EXERCISE PROMPT
Output the lines of the listing below exactly, starting at the line containing "Elevate your space" and stopping after the last line, with any pictures dropped.

>>>>

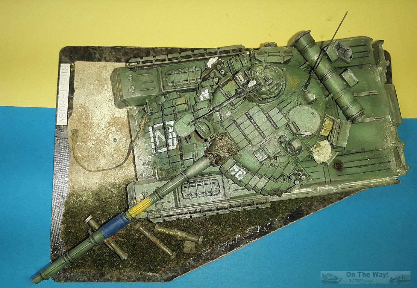 The completed model (below), painted in Russian Green depicts a T-80BV of perhaps the Russian 4th Guards Tank Division in the Sumy-Kharkiv axis, abandoned and captured after
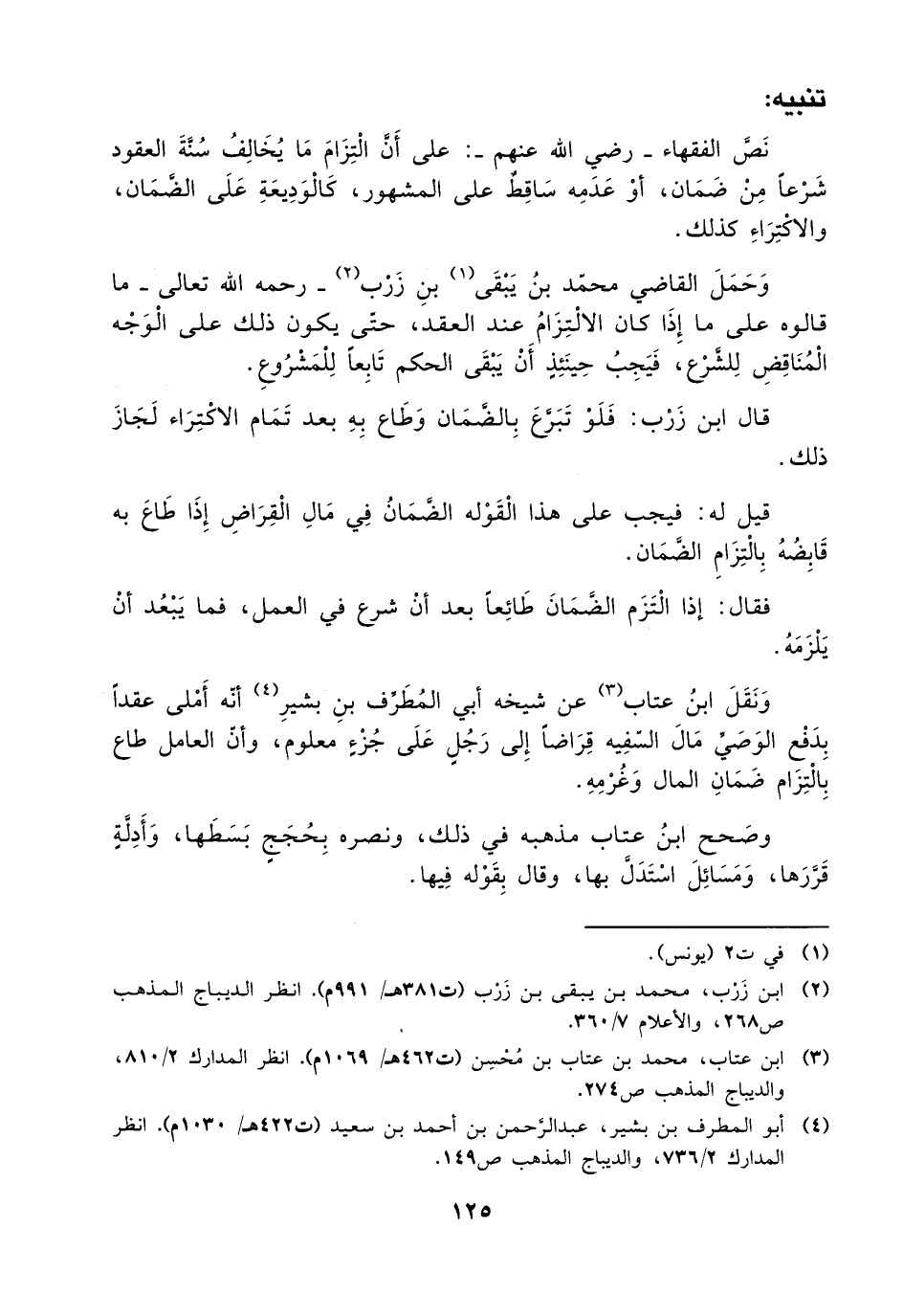 وحمل القاضي محمد بن يبقى بن زرب – رحمه الله تعالى – ما قالوه على ما إذا كان الالتزام عند العقد، حتى يكون ذلك على الوجه المناقض للشرع، فيجب حينئذٍ أن يبقى الحكم تابعاً للمشروع.
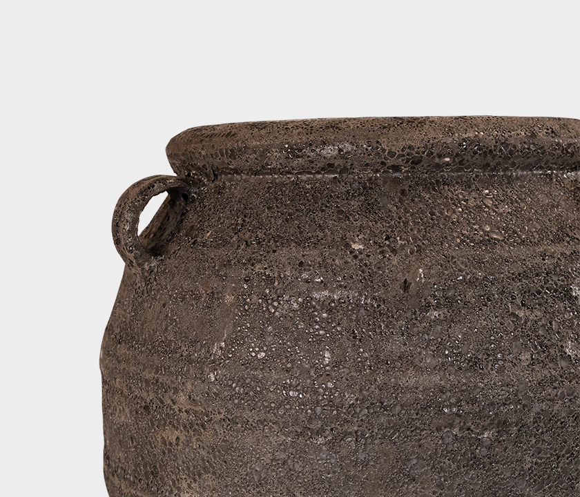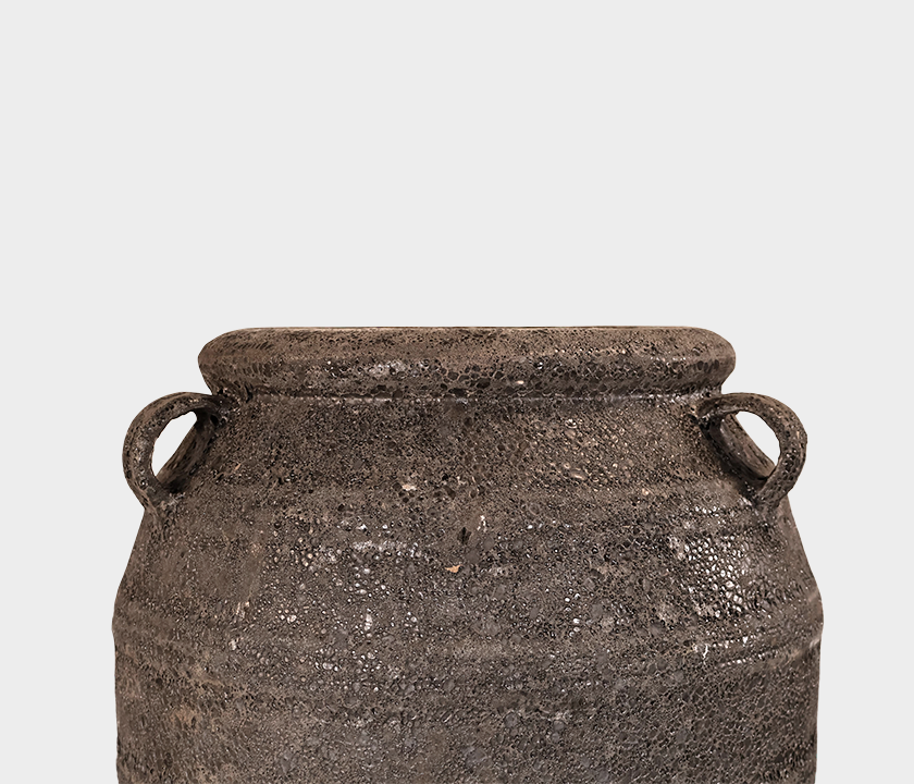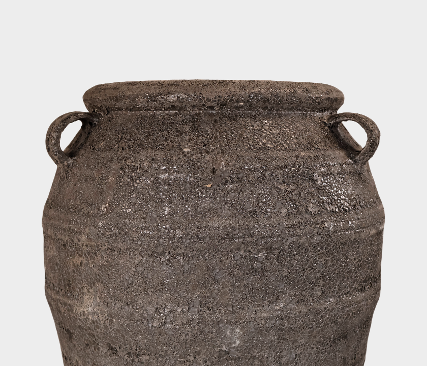 Elevate your space with this handcrafted ceramic amphora vase, standing at an impressive 44 inches tall. Featuring a rustic brown finish and side handles, it brings organic texture and monumental presence to interiors or covered patios. Ideal as a floor piece or as a sculptural statement in entryways and living rooms. Each piece is uniquely textured and made to stand out.
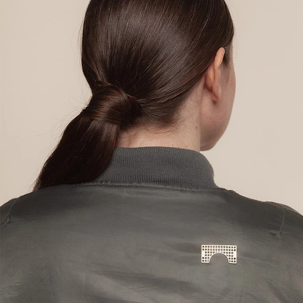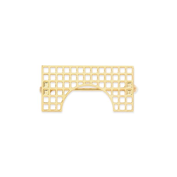 Avec sa grille carrée et ses formes géométriques, la broche Arche est la note moderne de la collection Tuileries.
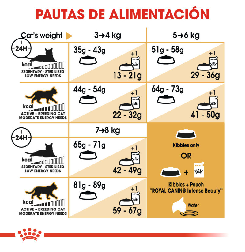 PESO DEL GATO | BAJAS NECESIDADES DE ENERGIA | ALTAS NECESIDADES DE ENERGIA |
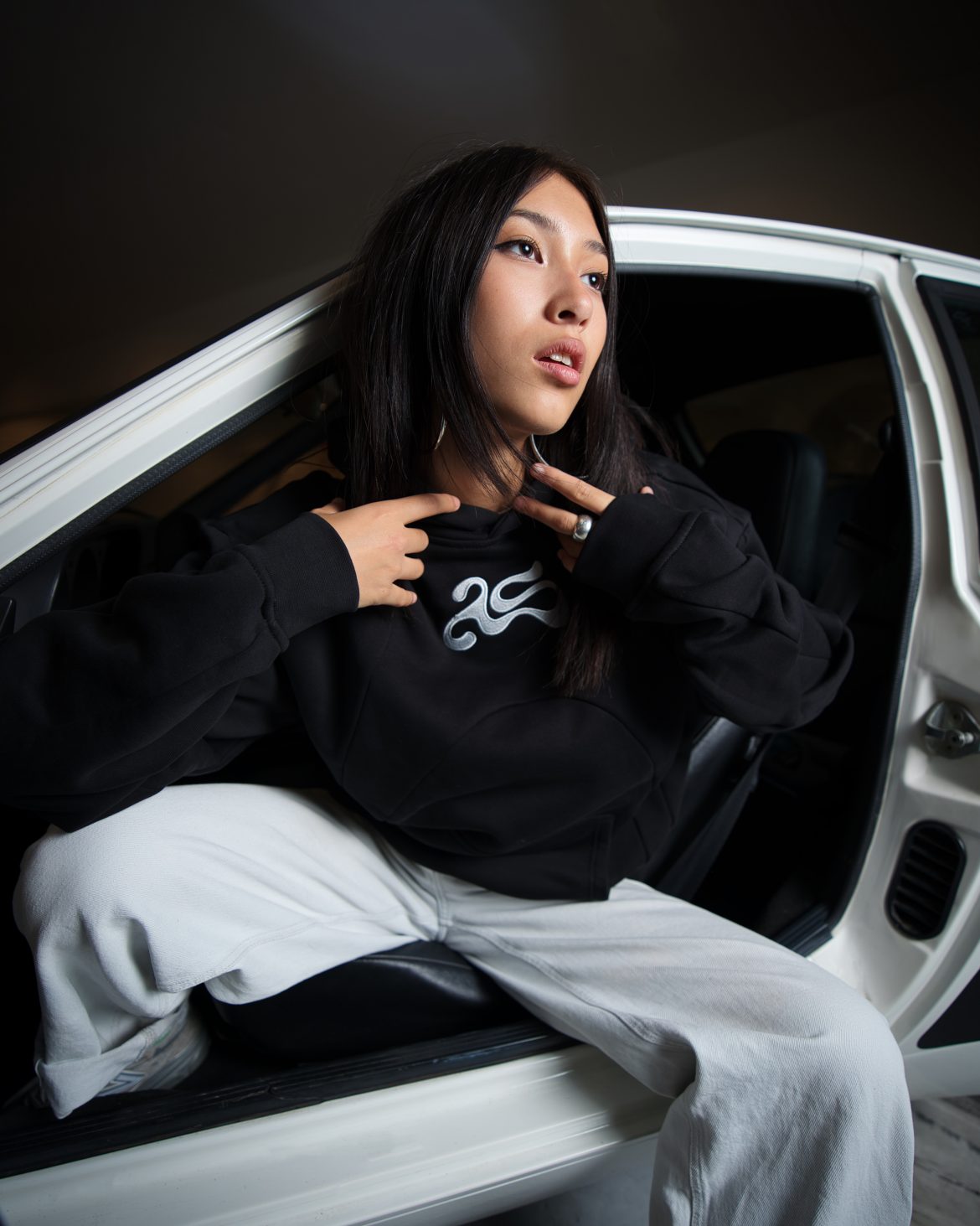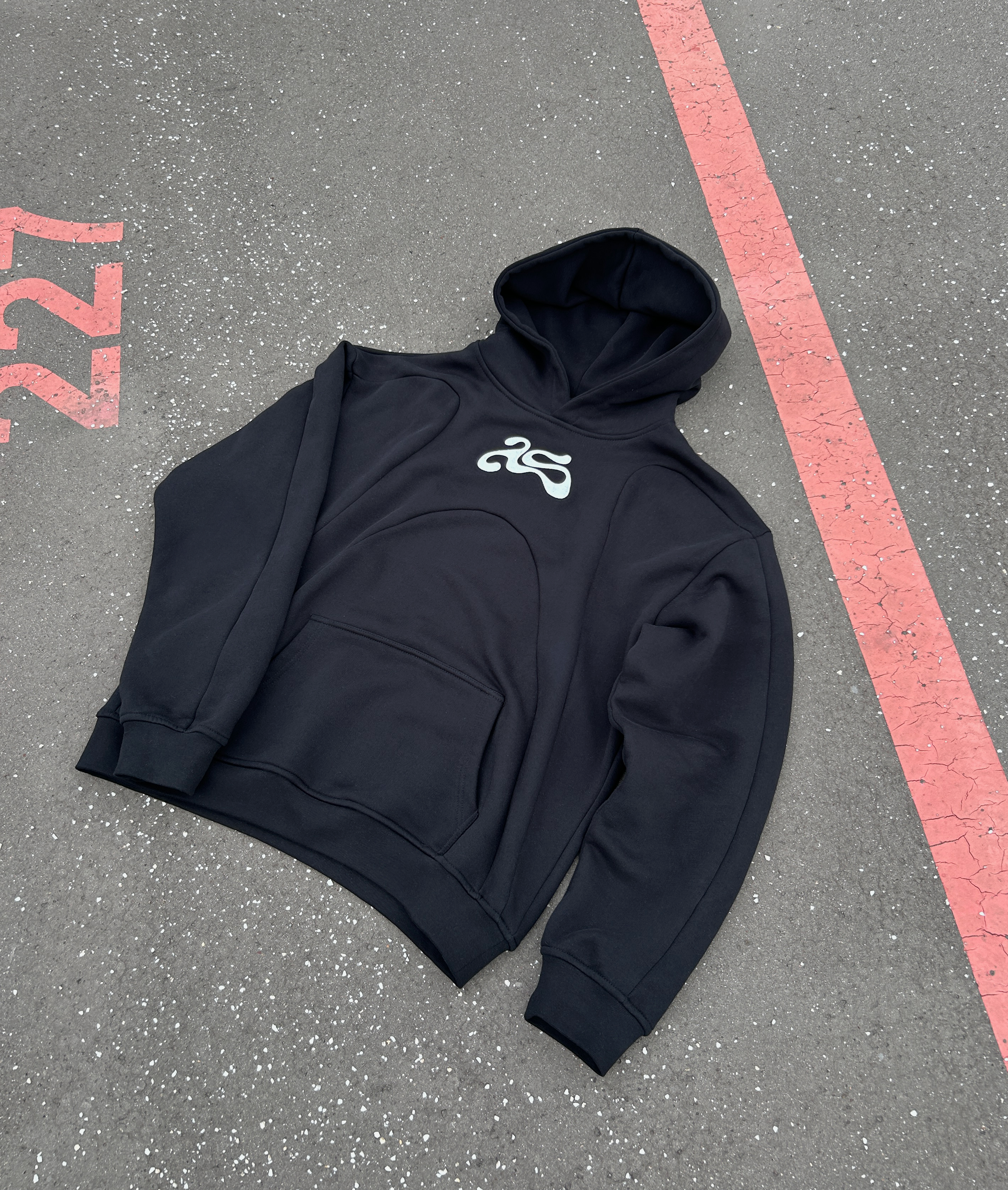 Le hoodie « Raven » est une pièce où sa singularité mise sur son ingéniosité. Il est composé de 15 sections distinctes cousues entre elles avec un surjet pour garantir leur solidité. Tout cela en préservant l’élasticité de la maille, un véritable exploit technique.

<<<<

ANSWER TO THIS EXERCISE
 Elevate your space with this handcrafted ceramic amphora vase, standing at an impressive 44 inches tall. Featuring a rustic brown finish and side handles, it brings organic texture and monumental presence to interiors or covered patios. Ideal as a floor piece or as a sculptural statement in entryways and living rooms. Each piece is uniquely textured and made to stand out.
 Avec sa grille carrée et ses formes géométriques, la broche Arche est la note moderne de la collection Tuileries.
 PESO DEL GATO | BAJAS NECESIDADES DE ENERGIA | ALTAS NECESIDADES DE ENERGIA |
 Le hoodie « Raven » est une pièce où sa singularité mise sur son ingéniosité. Il est composé de 15 sections distinctes cousues entre elles avec un surjet pour garantir leur solidité. Tout cela en préservant l’élasticité de la maille, un véritable exploit technique.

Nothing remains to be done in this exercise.